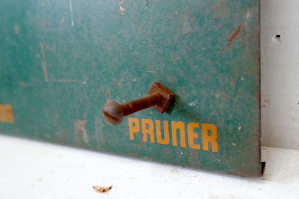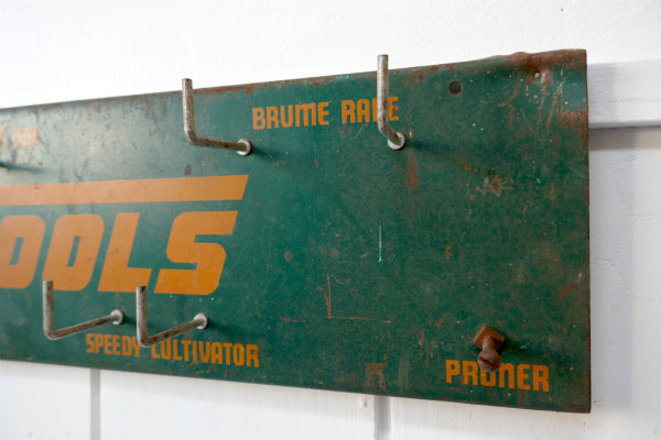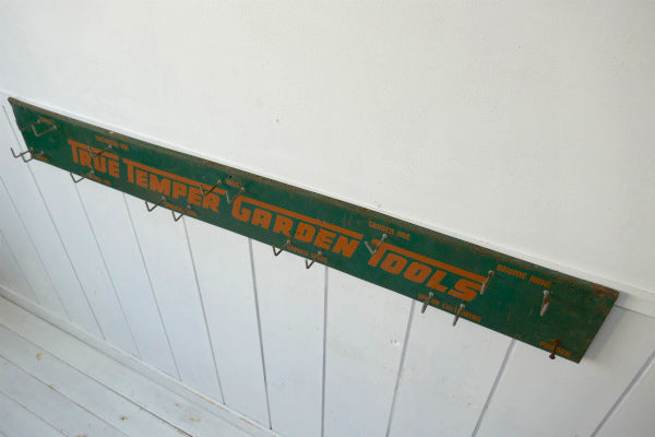 グリーンのメタル製サインに、オレンジ色で【TRUE TEMPER GARDEN TOOLS】の大きなロゴが入っており、【SHOVEL】【CULTIVATOR HOE】【RAKE】【GARDEN HOE】【BRUME RAKE】【TROWEL】【WEEEDER HOE】【SPADING FIRK】【GARDEN SPADE】【SPEEDY CULTIVATOR】【PRUNER】のツール名とフック全17個が付いております。
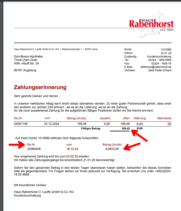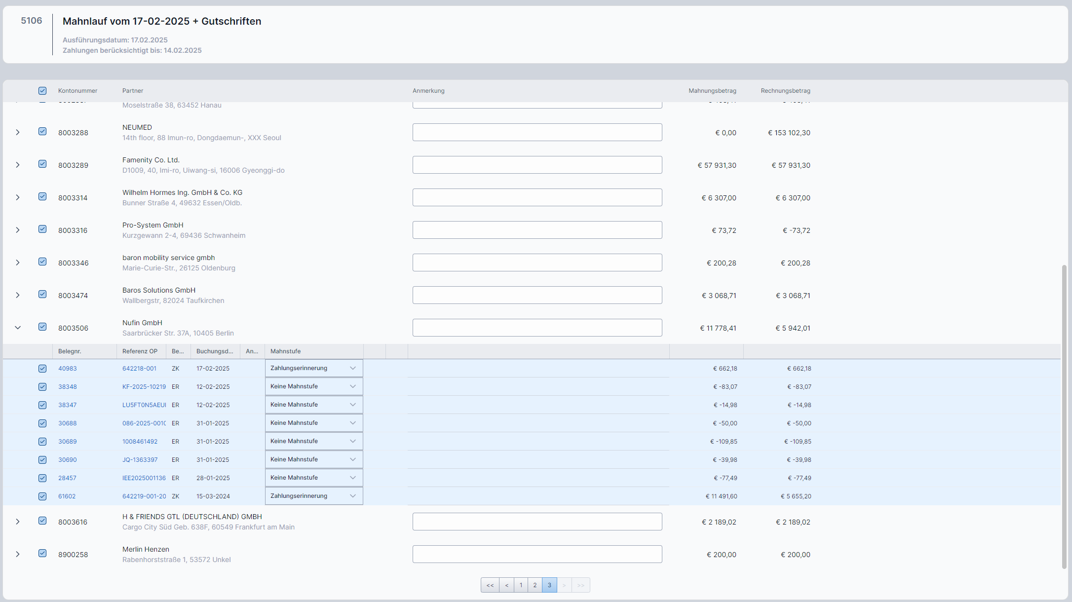 Bestehenden Mahnlauf vom 17-02-2025 gelöscht und neu erstellt (mit Gutschriften).
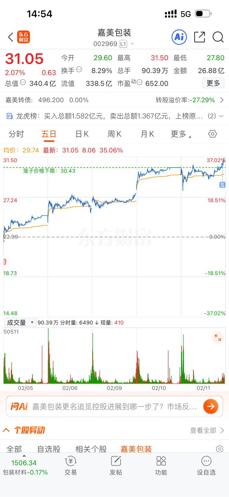 $嘉美包装(SZ002969)$ 兄弟们,年后再来了!过年红包到手!
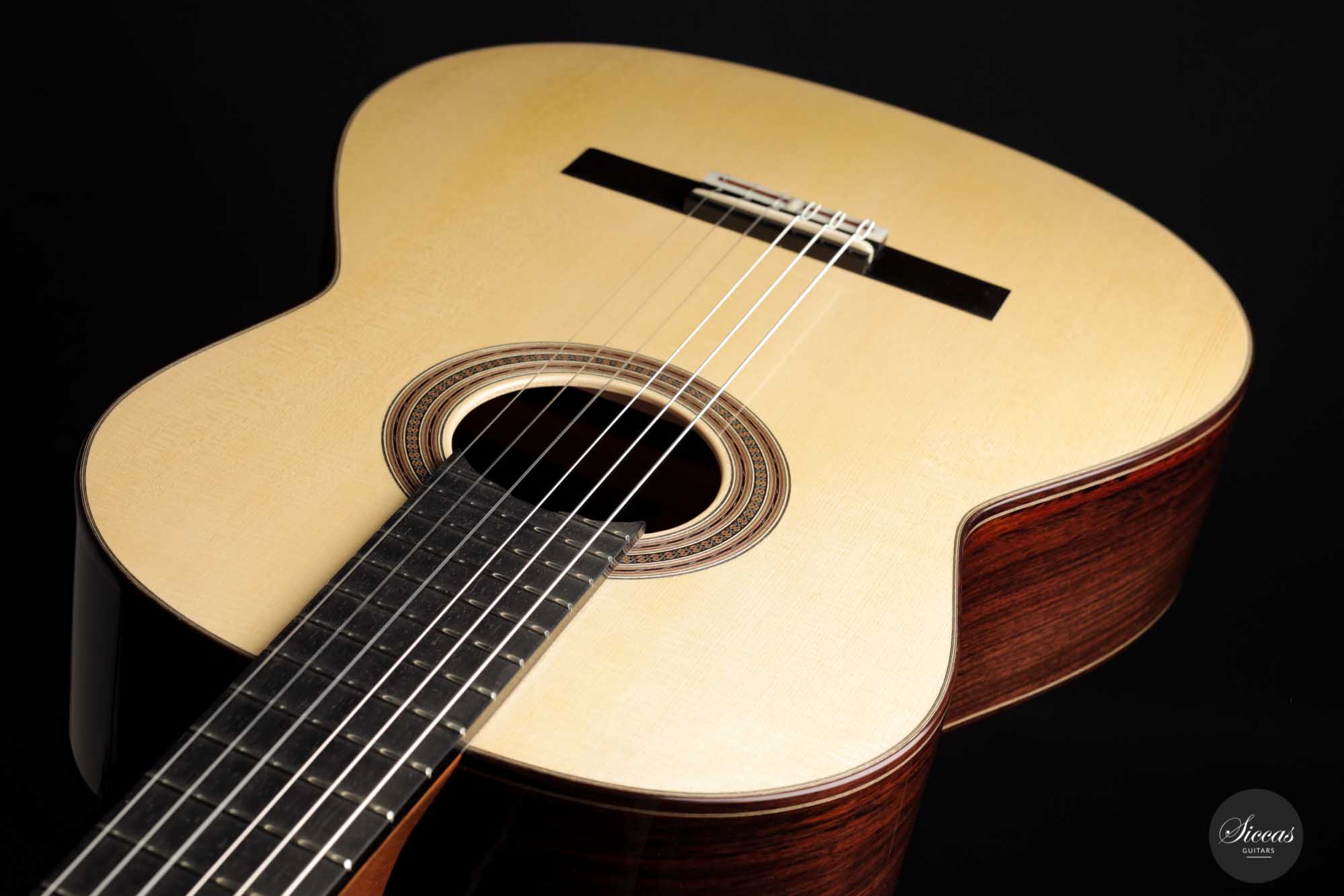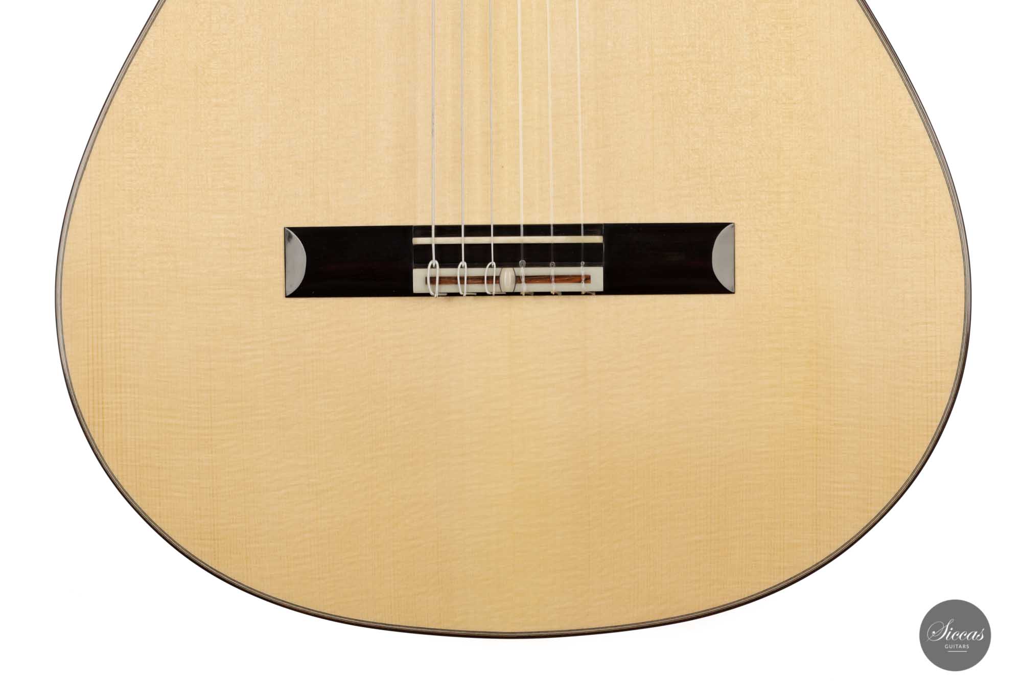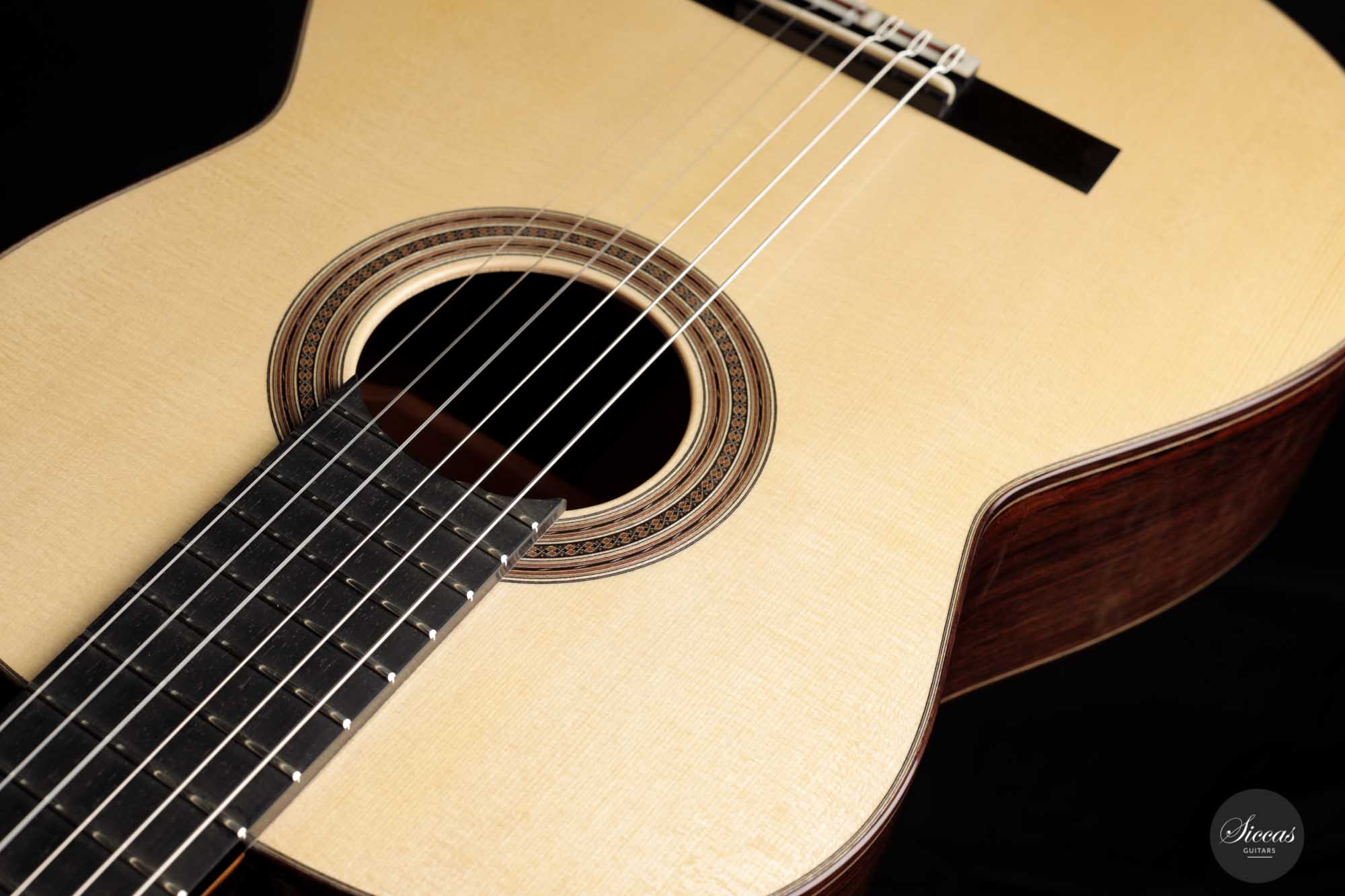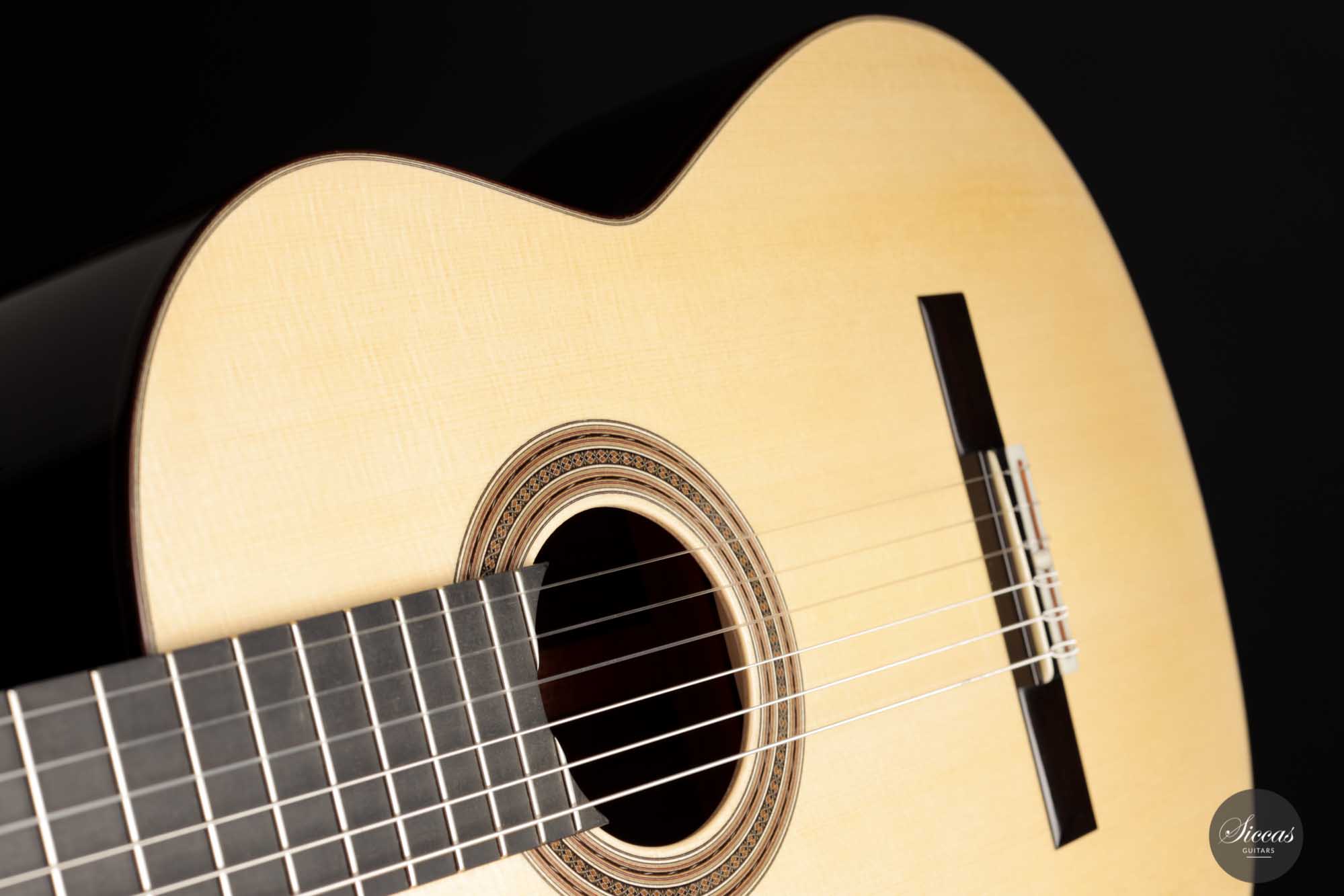 Klanglich steht diese Gitarre für Ausgewogenheit, Volumen und Eleganz. Das Sustain und die Gleichmäßigkeit eines jeden Tons sind beeindruckend. Darüber hinaus verleihen die umfangreiche Klangfarbenpalette und die Texturierungsmöglichkeiten dieser Gitarre einen multidimensionalen Klang, der dem Gitarristen echte Ausdrucksfreiheit bietet. Zudem sorgen die doppelten Zargen für einen sehr widerhallenden und steifen Korpus, der den Klang kraftvoll ausstrahlt. Die Lautstärke dieser Gitarre ist daher mehr als ausreichend, um einen Konzertsaal zu füllen. Chapeau.
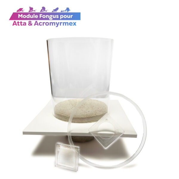 - 1️⃣ Afin d’assurer la réussite de votre élevage de vos Atta ou Acromyrmex, il est fortement recommandé de placer le module à l’intérieur d’une « cloche » fermée, dans un aquarium rempli de 3 à 4cm d’eau, ou un bac étanche lui-même posé à l’intérieur d’une caisse plastique ou vitrine fermée. L’environnement confiné permet de maintenir un taux d’humidité général élevé, et crée un microclimat adapté à vos Atta et Acromyrmex.
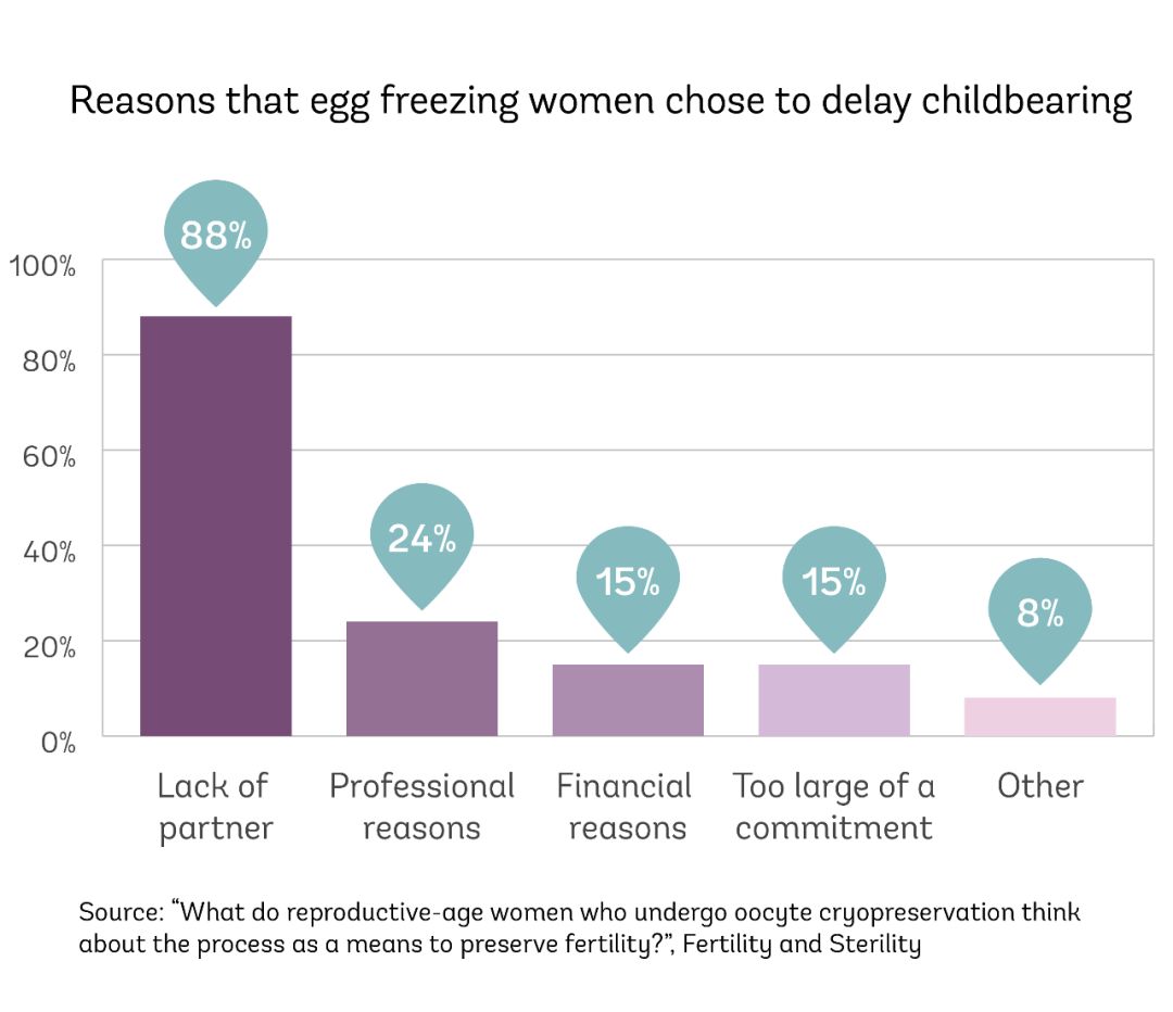 同时,英国莱斯特大学的研究发现,87%的女性在选择进行冻卵时并没有恋爱。这一理论也在耶鲁大学7月份发表的一项研究里出现,缺乏稳定的伴侣是女性选择冻卵的主要动机。
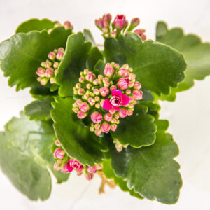 This low-maintenance Kalanchoe features beautiful clusters of rosy-pink blooms and buds atop thick green leaves. It is nestled in a sage-green dimpled ceramic planter and finished with a rustic jute twine bow, making it an easy and delightful way to bring long-lasting color into any space.
-*-*-
▶ WORK REQUEST: Give back every entry in its exact wording, leaving the pictures out.

▶ OUTPUT:
 グリーンのメタル製サインに、オレンジ色で【TRUE TEMPER GARDEN TOOLS】の大きなロゴが入っており、【SHOVEL】【CULTIVATOR HOE】【RAKE】【GARDEN HOE】【BRUME RAKE】【TROWEL】【WEEEDER HOE】【SPADING FIRK】【GARDEN SPADE】【SPEEDY CULTIVATOR】【PRUNER】のツール名とフック全17個が付いております。
 Bestehenden Mahnlauf vom 17-02-2025 gelöscht und neu erstellt (mit Gutschriften).
 $嘉美包装(SZ002969)$ 兄弟们,年后再来了!过年红包到手!
 Klanglich steht diese Gitarre für Ausgewogenheit, Volumen und Eleganz. Das Sustain und die Gleichmäßigkeit eines jeden Tons sind beeindruckend. Darüber hinaus verleihen die umfangreiche Klangfarbenpalette und die Texturierungsmöglichkeiten dieser Gitarre einen multidimensionalen Klang, der dem Gitarristen echte Ausdrucksfreiheit bietet. Zudem sorgen die doppelten Zargen für einen sehr widerhallenden und steifen Korpus, der den Klang kraftvoll ausstrahlt. Die Lautstärke dieser Gitarre ist daher mehr als ausreichend, um einen Konzertsaal zu füllen. Chapeau.
 - 1️⃣ Afin d’assurer la réussite de votre élevage de vos Atta ou Acromyrmex, il est fortement recommandé de placer le module à l’intérieur d’une « cloche » fermée, dans un aquarium rempli de 3 à 4cm d’eau, ou un bac étanche lui-même posé à l’intérieur d’une caisse plastique ou vitrine fermée. L’environnement confiné permet de maintenir un taux d’humidité général élevé, et crée un microclimat adapté à vos Atta et Acromyrmex.
 同时,英国莱斯特大学的研究发现,87%的女性在选择进行冻卵时并没有恋爱。这一理论也在耶鲁大学7月份发表的一项研究里出现,缺乏稳定的伴侣是女性选择冻卵的主要动机。
 This low-maintenance Kalanchoe features beautiful clusters of rosy-pink blooms and buds atop thick green leaves. It is nestled in a sage-green dimpled ceramic planter and finished with a rustic jute twine bow, making it an easy and delightful way to bring long-lasting color into any space.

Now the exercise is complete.